What would characterize this community of heartfelt would be the sharing of values, goods and practices (...) that are constituent of the individual in the social relations (Tacussel, 1998:4). To Rousiley Maia, the community isn't necessarily related to a physical location, but to the formation of an identity situated in places that can be dispersed (Maia, 1998:02). According to Scott Lash, in the contemporaneity, the communities are ``cultural communities'', because, among others factors, they can be widely dispersed by the ``abstract'' space, and also perhaps throughout time, (...) their ``instruments'' and products tend to be not material but abstract and cultural (Lash, 1995:193).

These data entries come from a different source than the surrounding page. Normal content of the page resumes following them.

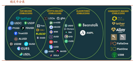 以锚定标的类型划分,稳定币包括法币抵押型、加密货币抵押型、算法稳定币、商品抵押型等形式。1)法币抵押型:由美元等法币作为储备支撑,每一枚稳定币都有对应的美元资产存放在银行账户中;2)加密货币抵押型:由比特币等加密资产作为抵押品,并通过智能合约自动调整供应量以维持稳定性;3)算法稳定币:不依赖任何抵押资产,而是通过算法调控供应,来使价格稳定在目标水平;4)商品抵押型:由贵金属、石油等商品作为储备支撑的稳定币。
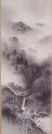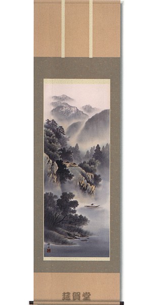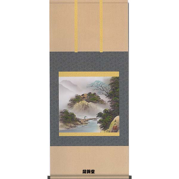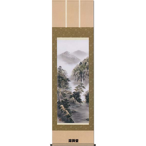 掛軸 伊藤渓山筆「薫風蒼水(彩色山水)」
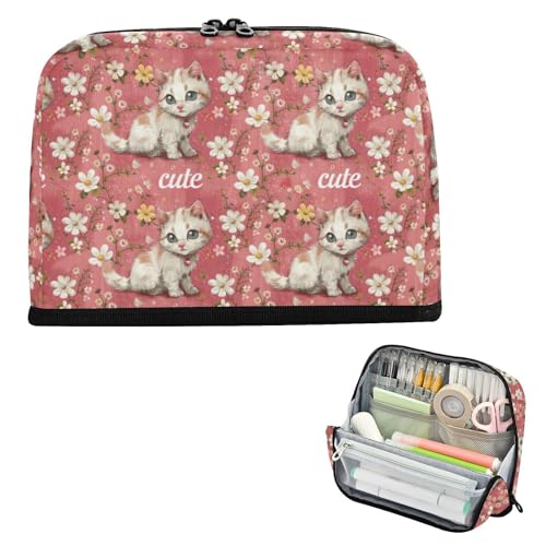 EtherSpher Cute Peach Cat Flower Pencil Pen Case Large Capacity Cosmetic Bag Slots Stationery Bag for Girls Grade School Supplies bolso para herramientas
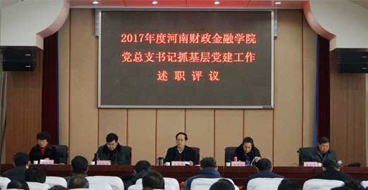1月5日,2017年度球友会官方网站党总支书记抓基层党建工作述职评议会议在龙子湖校区行政中心一楼会议室召开。校党委书记李德平主持会议并讲话。党委副书记、校长王雪云和其他校领导参加了会议。学校部门正职、主持工作的副职及各院系副书记共计100余人参加会议。
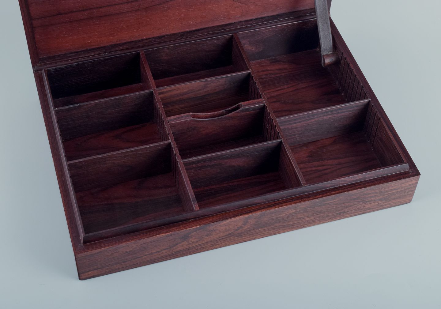 Opdelt med ni justerbare rum samt holder til cigarklipper.
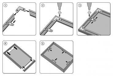 8 Rahmenleisten für 2 Bilderrahmen 24 x 30 cm mit Befestigungsmaterial (Eckverbinder, Federn, Aufhänger und Schrauben), Montageanleitung.

Thus identity acquisition would be attached to the intense share of meanings in a certain community. Because of this, individuals would be able to join many communities according to their particular interests. But this wouldn't be an arbitrary choice. Lash sustains that the affiliation to a community implies the acquisition of a pre-established identity, which means that the person isn't born or ``thrown'' in an automatic way, but it is thrown at them (Lash, 1995:193), that, of course, involving always a cognitive specification and a freedom to question the inherited cultural meanings. By choosing specific communities, individuals have the opportunity to encounter so many lifestyles which are adequate to behavior manners, habits, values and traditions of the chosen group (Giddens, 1981).
Thinking of the social fields notion, as proposed by Pierre Bourdieu (1984), we will realize that the lifestyles own dimensions are interpenetrated mutually. Following this discussion, Adriano Duarte Rodrigues proposes a society organized in a variety of spheres, relatively autonomous, with an operation logic that identifies each one as a social field, with rules, strategies, habitus and legitimization on its own forms (1990; s/d). The social fields would be spaces where the agents' common interests would be incorporated. In this sense, the expression ``habitus'' becomes useful when we refer to the manners, inclinations and feelings that predominate among members of particular groups (Mennell, 1994). Then, values, beliefs, styles would be constituted of their members' intersubjectivity: (...) The community is precisely the intersubjectivity space (Tacussel, 1998:04). We are living in a society where there are lifestyles' multiplicity, and in a way, a multiculturalism (Maffesoli, 1998:125).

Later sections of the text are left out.